Source material:
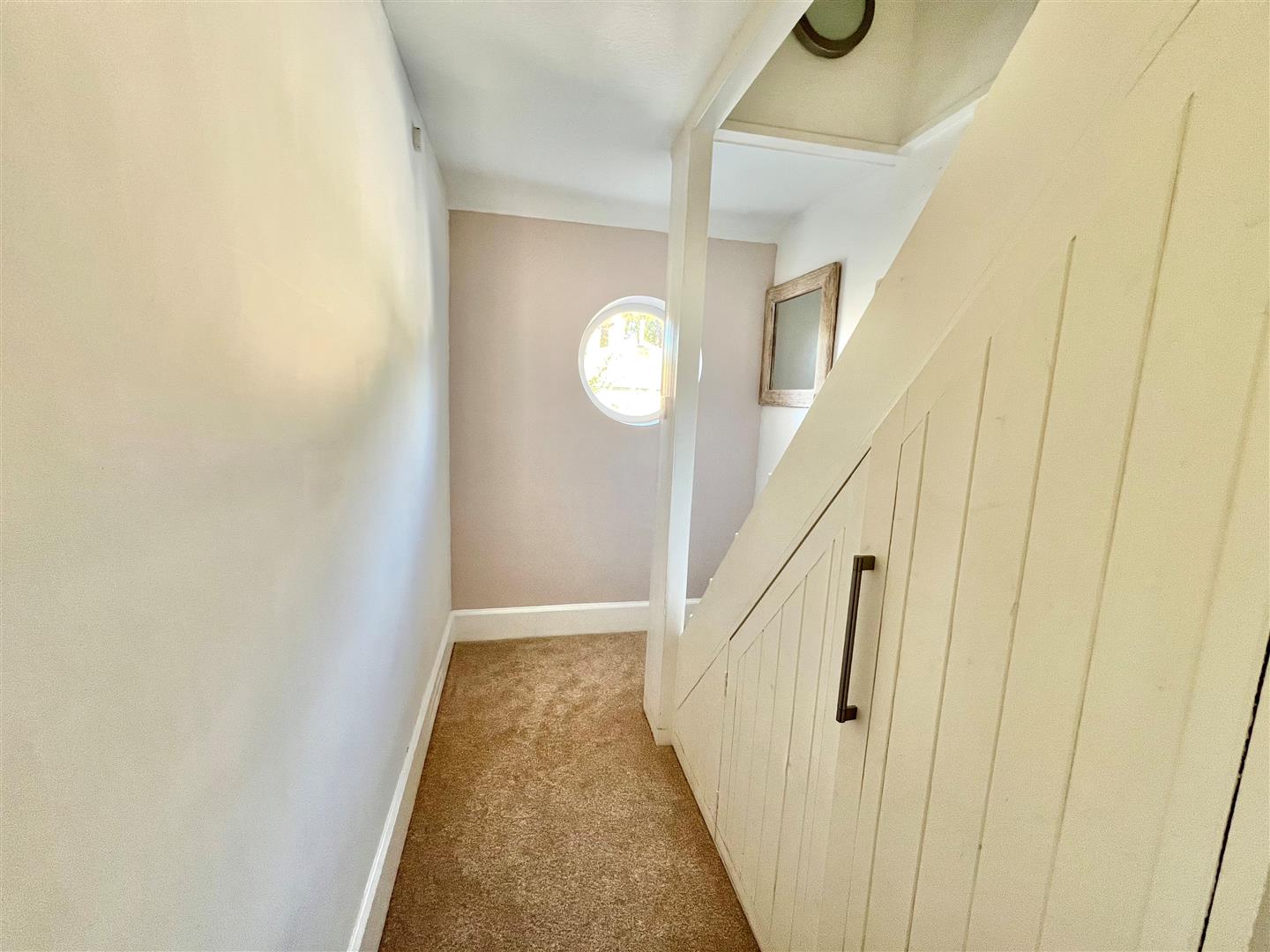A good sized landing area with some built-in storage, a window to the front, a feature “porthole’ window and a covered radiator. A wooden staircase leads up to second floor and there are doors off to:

* * *

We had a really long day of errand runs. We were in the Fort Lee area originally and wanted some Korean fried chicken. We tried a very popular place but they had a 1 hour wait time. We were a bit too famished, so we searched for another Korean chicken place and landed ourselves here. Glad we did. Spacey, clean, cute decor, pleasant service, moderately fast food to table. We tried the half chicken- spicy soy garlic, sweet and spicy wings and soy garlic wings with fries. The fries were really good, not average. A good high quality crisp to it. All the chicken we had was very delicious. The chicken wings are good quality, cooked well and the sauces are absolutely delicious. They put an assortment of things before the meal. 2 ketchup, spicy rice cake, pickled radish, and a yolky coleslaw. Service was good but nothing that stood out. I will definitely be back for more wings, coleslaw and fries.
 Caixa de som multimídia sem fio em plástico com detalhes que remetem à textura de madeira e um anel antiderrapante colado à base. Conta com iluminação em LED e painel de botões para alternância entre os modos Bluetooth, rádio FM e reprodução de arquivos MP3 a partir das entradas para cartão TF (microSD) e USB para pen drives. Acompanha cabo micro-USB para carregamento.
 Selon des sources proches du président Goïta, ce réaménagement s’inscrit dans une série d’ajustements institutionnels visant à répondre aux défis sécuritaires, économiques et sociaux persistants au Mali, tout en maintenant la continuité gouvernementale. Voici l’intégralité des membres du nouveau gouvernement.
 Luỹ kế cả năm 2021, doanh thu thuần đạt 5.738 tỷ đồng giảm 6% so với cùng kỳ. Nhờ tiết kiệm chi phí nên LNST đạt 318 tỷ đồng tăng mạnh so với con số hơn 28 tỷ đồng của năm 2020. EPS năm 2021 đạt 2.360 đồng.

Instructions for the task: Copy, exactly and only, the lines above that begin with the one containing "Caixa de som" and finish with the one containing "Selon des sources".

Answer to the problem:
 Caixa de som multimídia sem fio em plástico com detalhes que remetem à textura de madeira e um anel antiderrapante colado à base. Conta com iluminação em LED e painel de botões para alternância entre os modos Bluetooth, rádio FM e reprodução de arquivos MP3 a partir das entradas para cartão TF (microSD) e USB para pen drives. Acompanha cabo micro-USB para carregamento.
 Selon des sources proches du président Goïta, ce réaménagement s’inscrit dans une série d’ajustements institutionnels visant à répondre aux défis sécuritaires, économiques et sociaux persistants au Mali, tout en maintenant la continuité gouvernementale. Voici l’intégralité des membres du nouveau gouvernement.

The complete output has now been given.